1)The detailed substrate specificity was revealed for human heparanase that is involved in the tumor invasion and metastasis, which has provided the basic knowledge for developing the early diagnosis of cancers.
2)In addition to the EXT1/EXT2 complex; the requirement of the aglycon moiety for the acceptor substrate for the above enzyme complex, which catalyzes the polymerization of a heparan backbone, was demonstrated, and the polymerization was achieved for the first time. Furthermore, the recombinant human EXTL2 protein, which is likely involved in the regulation of heparan sulfate synthesis, was crystallized, and the crystallographic data have provided a clue to investigate the molecular mechanism of heparan sulfate synthesis.

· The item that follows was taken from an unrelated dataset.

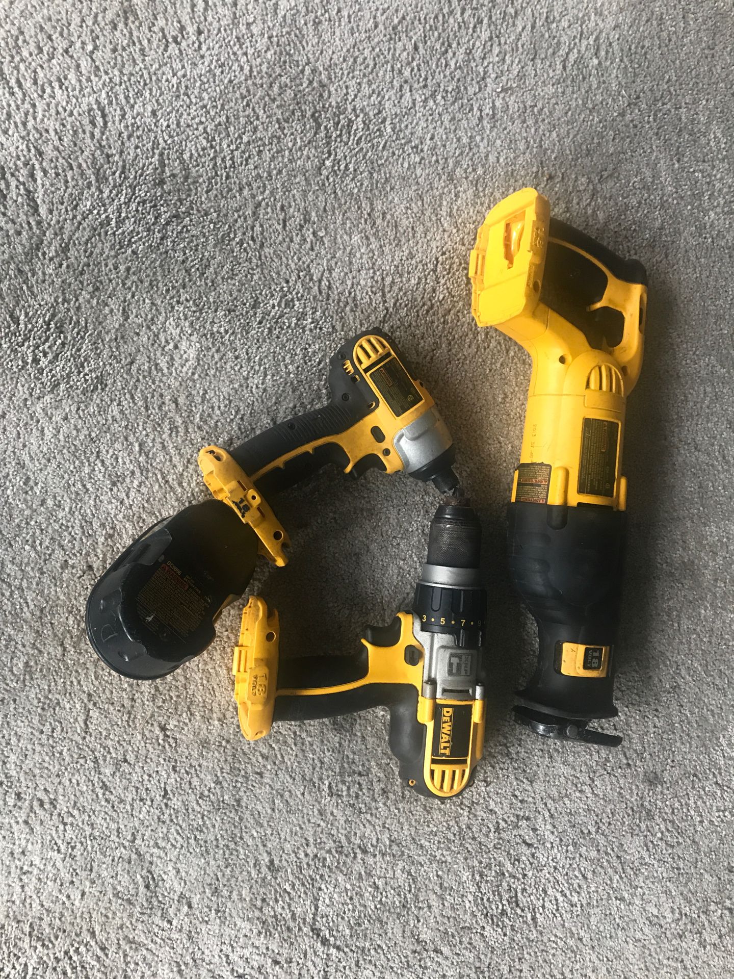 Dewalt 18 v Impact drill hammer drill recip/saw and battery great condition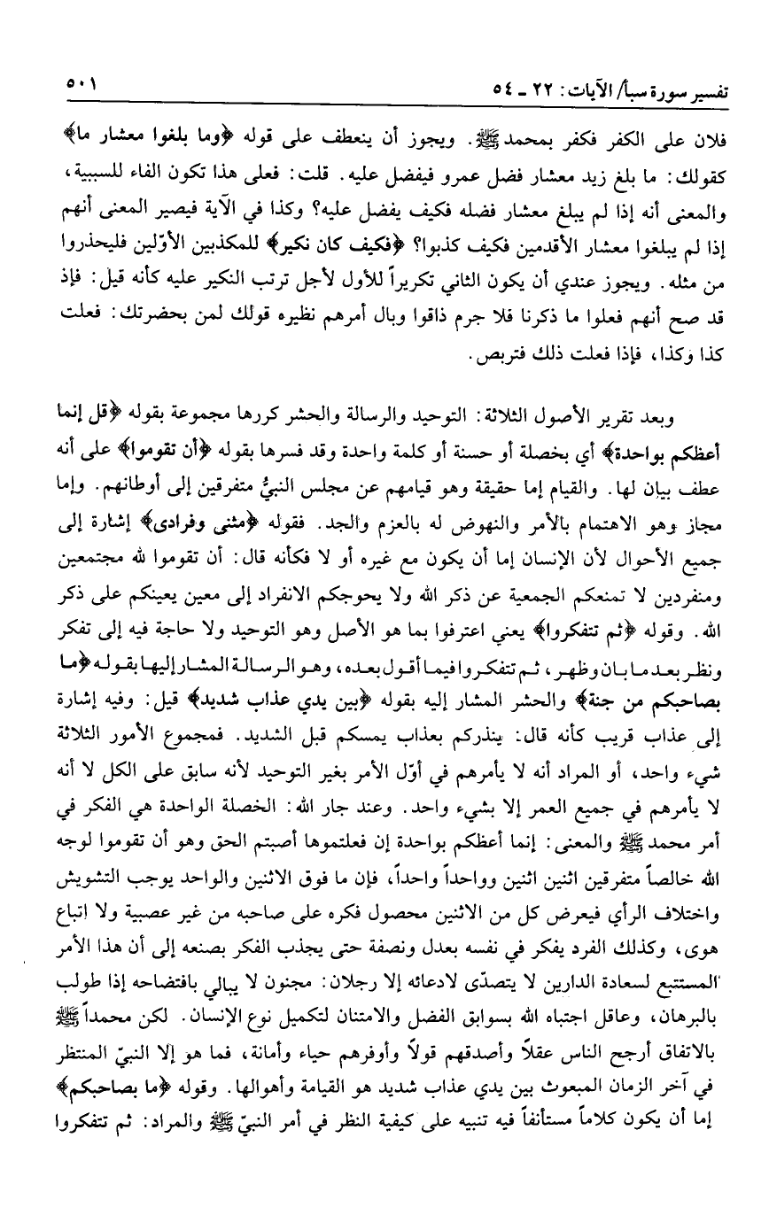 وبعد تقرير الأصول الثلاثة: التوحيد والرسالة والحشر كررها مجموعة بقوله قُلْ إِنَّما أَعِظُكُمْ بِواحِدَةٍ أي بخصلة أو حسنة أو كلمة واحدة وقد فسرها بقوله أَنْ تَقُومُوا على أنه عطف بيان لها. والقيام إما حقيقة وهو قيامهم عن مجلس النبيّ متفرقين إلى أوطانهم. وإما مجاز وهو الاهتمام بالأمر والنهوض له بالعزم والجد. فقوله مَثْنى وَفُرادى إشارة إلى جميع الأحوال لأن الإنسان إما أن يكون مع غيره أو لا فكأنه قال: أن تقوموا لله مجتمعين ومنفردين لا تمنعكم الجمعية عن ذكر الله ولا يحوجكم الانفراد إلى معين يعينكم على ذكر الله. وقوله ثُمَّ تَتَفَكَّرُوا يعني اعترفوا بما هو الأصل وهو التوحيد ولا حاجة فيه إلى تفكر ونظر بعد ما بان وظهر، ثم تتفكروا فيما أقول بعده، وهو الرسالة المشار إليها بقوله ما بِصاحِبِكُمْ مِنْ جِنَّةٍ والحشر المشار إليه بقوله بَيْنَ يَدَيْ عَذابٍ شَدِيدٍ قيل: وفيه إشارة إلى عذاب قريب كأنه قال: ينذركم بعذاب يمسكم قبل الشديد. فمجموع الأمور الثلاثة شيء واحد، أو المراد أنه لا يأمرهم في أوّل الأمر بغير التوحيد لأنه سابق على الكل لا أنه لا يأمرهم في جميع العمر إلا بشيء واحد. وعند جار الله: الخصلة الواحدة هي الفكر في أمر محمد صلى الله عليه وسلم والمعنى: إنما أعظكم بواحدة إن فعلتموها أصبتم الحق وهو أن تقوموا لوجه الله خالصا متفرقين اثنين اثنين وواحدا واحدا، فإن ما فوق الاثنين والواحد يوجب التشويش واختلاف الرأي فيعرض كل من الاثنين محصول فكره على صاحبه من غير عصبية ولا اتباع هوى، وكذلك الفرد يفكر في نفسه بعدل ونصفة حتى يجذب الفكر بصنعه إلى أن هذا الأمر المستتبع لسعادة الدارين لا يتصدّى لادعائه إلا رجلان: مجنون لا يبالي بافتضاحه إذا طولب بالبرهان، وعاقل اجتباه الله بسوابق الفضل والامتنان لتكميل نوع الإنسان. لكن محمدا صلى الله عليه وسلم بالاتفاق أرجح الناس عقلا وأصدقهم قولا وأوفرهم حياء وأمانة، فما هو إلا النبيّ المنتظر في آخر الزمان المبعوث بين يدي عذاب شديد هو القيامة وأهوالها. وقوله ما بِصاحِبِكُمْ إما أن يكون كلاما مستأنفا فيه تنبيه على كيفية النظر في أمر النبيّ صلى الله عليه وسلم والمراد: ثم تتفكروا

3)It was demonstrated that the so-called heparin-binding growth factors, which utilize heparan sulfate as a co-receptor, can interact specifically also with chondroitin sulfate chains containing the "E" disaccharide units. The results suggested that chondroitin sulfate can also be applicable to the development of anti-cancer drugs. In addition, the chondroitin sulfate chain of an amyloid precuresorprotein appican produced by rat C6 glyoma cells, unlike the chondroitin sulfate chain of appican expressed in neuronal cells, was shown to contain the "E" units and specifically interact with heparin-binding growth factors. These findings suggested that the chondroitin sulfate chain produced by glial cells may regulate the functions of neuronal cells.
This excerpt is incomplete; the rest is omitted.